To enable Shuffle Hash Join, the following conditions must be met: only equivalent Join is supported, and the Keys sortable spark.sql.join.preferSortMergeJoin parameter participating in Join must be set to false, which is introduced from Spark version 2.0.0, and the default value is true. That is, by default, the size of the Sort Merge Join small table (plan.stats.sizeInBytes) must be less than spark.sql.autoBroadcastJoinThreshold * spark.sql.shuffle.partitions (the default is 200) and three times the size of the small table (stats.sizeInBytes) must be less than or equal to the size of the large table (stats.sizeInBytes), that is, a.stats.sizeInBytes * 3

< = b.stats.sizeInBytes 3、Shuffle Sort Merge Join 前面两种 Join 策略对表的大小都有条件的，如果参与 Join 的表都很大，这时候就得考虑用 Shuffle Sort Merge Join 了。 Shuffle Sort Merge Join 的实现思想：将两张表按照 join key 进行shuffle，保证join key值相同的记录会被分在相应的分区对每个分区内的数据进行排序排序后再对相应的分区内的记录进行连接无论分区有多大，Sort Merge Join都不用把一侧的数据全部加载到内存中，而是即用即丢；因为两个序列都有序。从头遍历，碰到key相同的就输出，如果不同，左边小就继续取左边，反之取右边。从而大大提高了大数据量下sql join 的稳定性。

To enable Shuffle Sort Merge Join, the following conditions must be met:

Only equivalent Join is supported, and Keys participating in Join is required to be sortable

4 、 Cartesian product join

If the two tables participating in Join in Spark do not specify the join conditions, then Cartesian product join will be generated, and the result of this Join is actually

Is the product of the number of rows of two tables.

5 、 Broadcast nested loop join

You can think of the execution of Broadcast nested loop join as the following calculation:

For record_1 in relation_1:

For record_2 in relation_2:

Join condition is executed

It can be seen that Broadcast nested loop join will scan a table repeatedly in some cases, which is very inefficient.

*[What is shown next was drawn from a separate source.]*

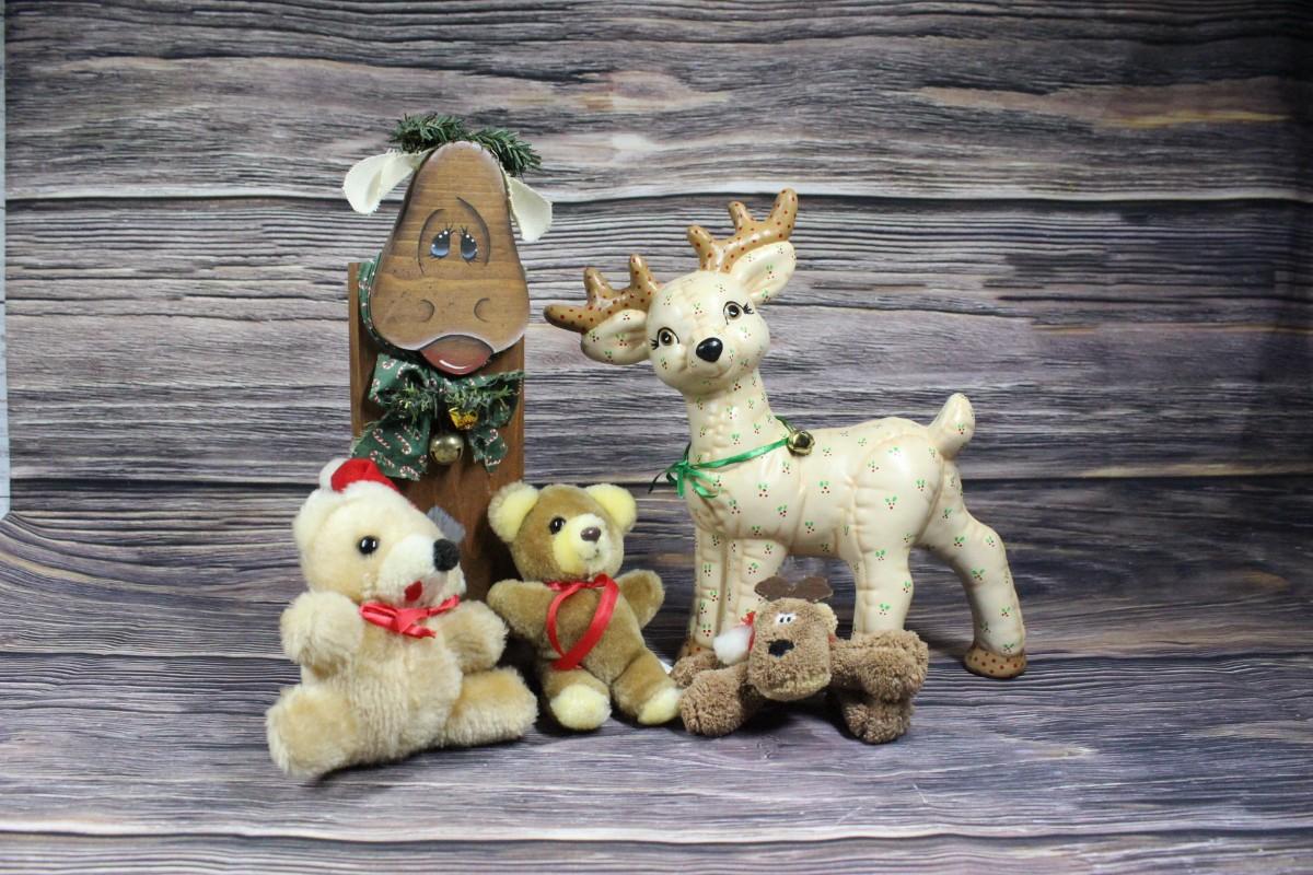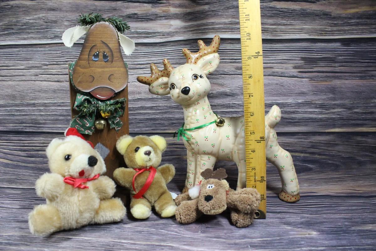Christmas Reindeer Stuffed Animal Miscellaneous Decorations Lot, there's no significant damage or chips to any of the pieces and is in good condition. Check pictures for more details.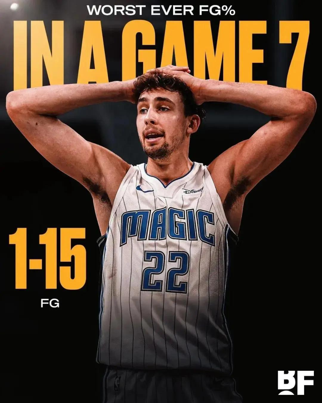 小瓦格纳成为抢七大战历史上,投篮命中率最差的球员(至少出手15次)。系列赛G5到G7,三场关键的比赛,小瓦格纳的三分球合计16中2。但凡小瓦格纳外线准一点,魔术也不至于输掉抢七。小瓦格纳打成这样,魔术竟然不压价?

As can be seen from the name, this kind of

Join broadcasts the small table according to the relevant conditions to reduce the number of table scans.

Broadcast nested loop join supports equivalent and unequivalent Join, and supports all Join types.

About what the principle of Spark Join is shared here, I hope that the above content can be of some help to you, can learn more knowledge. If you think the article is good, you can share it for more people to see.

Welcome to subscribe "Shulou Technology Information " to get latest news, interesting things and hot topics in the IT industry, and controls the hottest and latest Internet news, technology news and IT industry trends.

*The comments in the above article only represent the author's personal views and do not represent the views and positions of this website. If you have more insights, please feel free to contribute and share.